In addition to the detections from the 1982 and 1996 surveys, detections from the additional four transects surveyed in 2008 and 2013 were used to fit the detection functions. However, detections from these additional four transects were not used to estimate densities. To match the 1996, 2008, and 2013 survey efforts, detections from only one observer were used to recalculate densities for the 1982 survey, where the most effective observers were identified based on their experience and survey proficiency. This approach minimizes estimator bias due to differing sampling protocols and incorporates advancements in analytical methods. Candidate detection function models were limited to half-normal and hazard-rate detection functions with expansion series of order two (Buckland et al. 2015). The uniform detection function was not considered because covariates cannot be modeled with this function. To improve model precision, sampling covariates were incorporated in the multiple covariate distance sampling (MCDS) engine of DISTANCE (Thomas et al. 2010). The covariates included in our analyses were weather conditions, time of sampling, type of detection, observer, habitat cover type, and year of survey. Models containing covariates were not considered for the White-throated Ground Dove because few were detected (385 detections across the 4 surveys; fewer than the approximately 100 minimum detections per survey needed to reliably model the detection function [Buckland et al. 2015]).

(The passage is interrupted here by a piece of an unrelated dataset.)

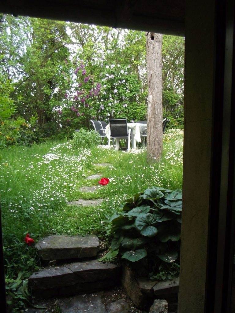 De kleine tuin achter het huis is bereikbaar via de eerste verdieping én via de groene binnenplaats.
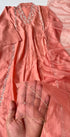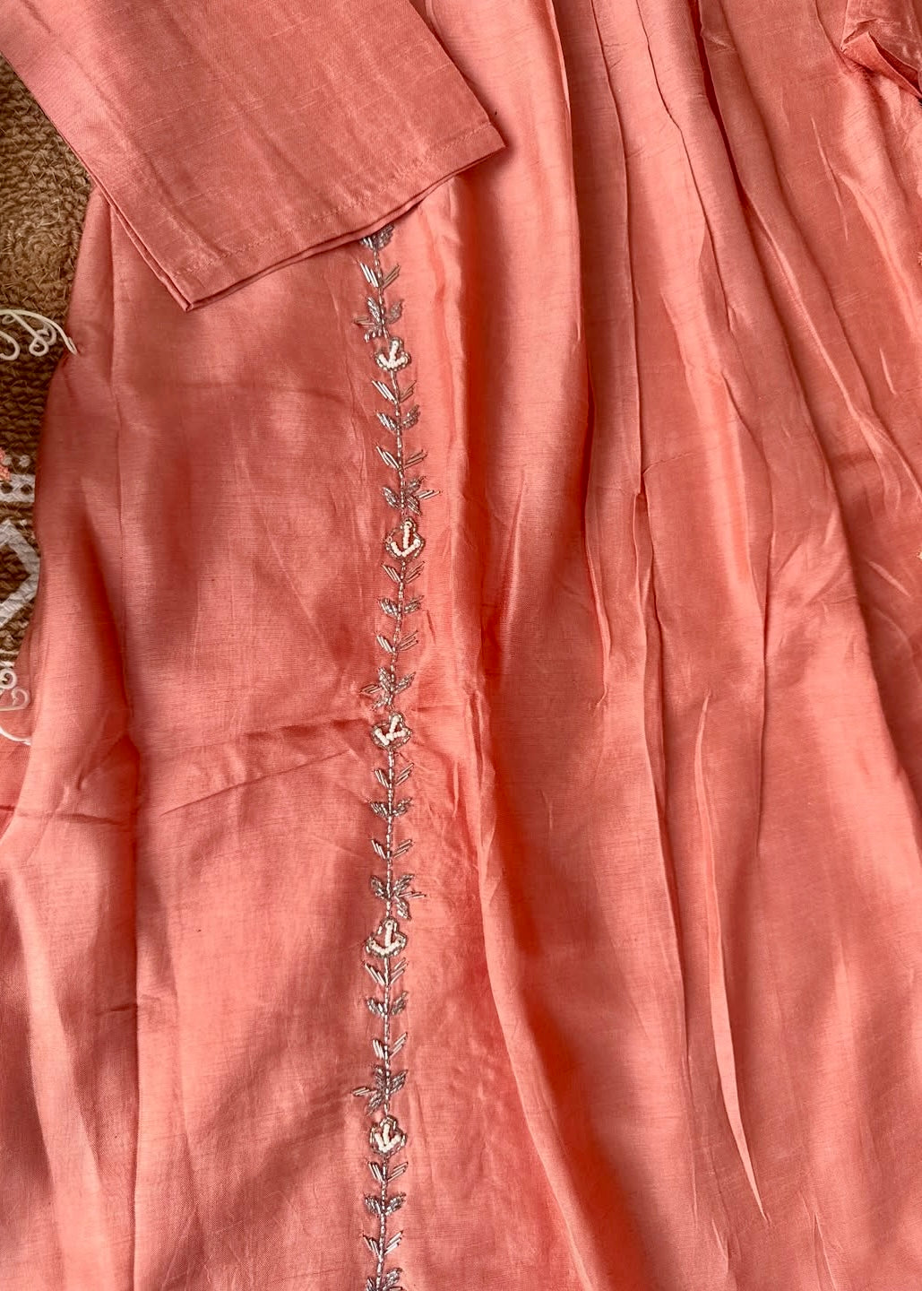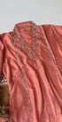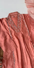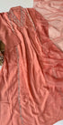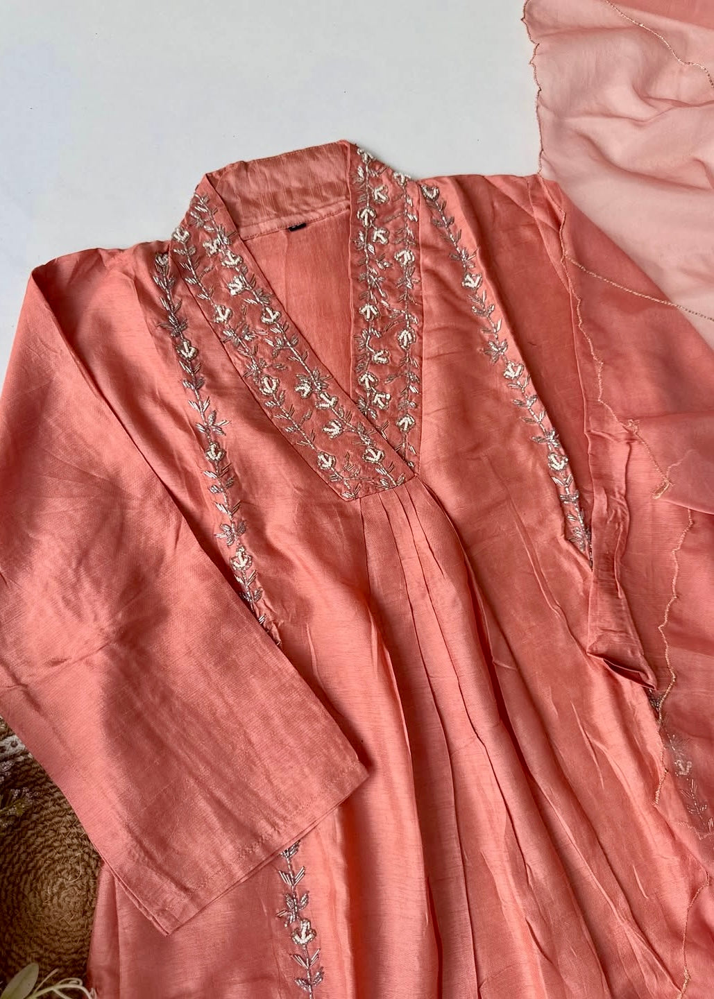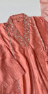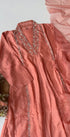 Handcrafted Dola silk kurti with heavy handwork all over the top with a handwork detailed long voice dupatta with a Dola silk bottom .

We did not estimate White Tern (Gygis alba) detection probabilities because of their rapid and erratic flying behavior that results in violations of the non-movement model assumption (Buckland et al. 2015).
Bird detection distances were grouped to fit a species-specific global detection function. Interval cut-points were placed to minimize “heaping” to avoid expected values less than five and to ensure monotonicity. Right-tail truncation was set at the distance where the detection probability was approximately 10%. This procedure facilitates modeling by deleting outliers and reducing the number of adjustment parameters needed to modify the detection function. The detectability model selected was the one with the lowest Akaike's Information Criterion corrected (AICc) for small sample size (Burnham and Anderson 2002). Annual population densities for each survey were calculated using the global detection function, and the pooled data were post-stratified by year and by year-habitat for the original 10 permanent transects ( Supplemental Materials (09_Spaulding_Supplemental_Material.pdf) – Appendix A). The 95% confidence intervals for the annual density estimates were derived from the 2.5th and 97.5th percentiles using bootstrap methods in DISTANCE for 999 iterations (Thomas et al. 2010). Population abundance estimates were the product of the density estimate multiplied by the area of the sampling frame (9,781 ha) and by habitat (area estimates from Liu and Fischer [2006] and Amidon [2009]).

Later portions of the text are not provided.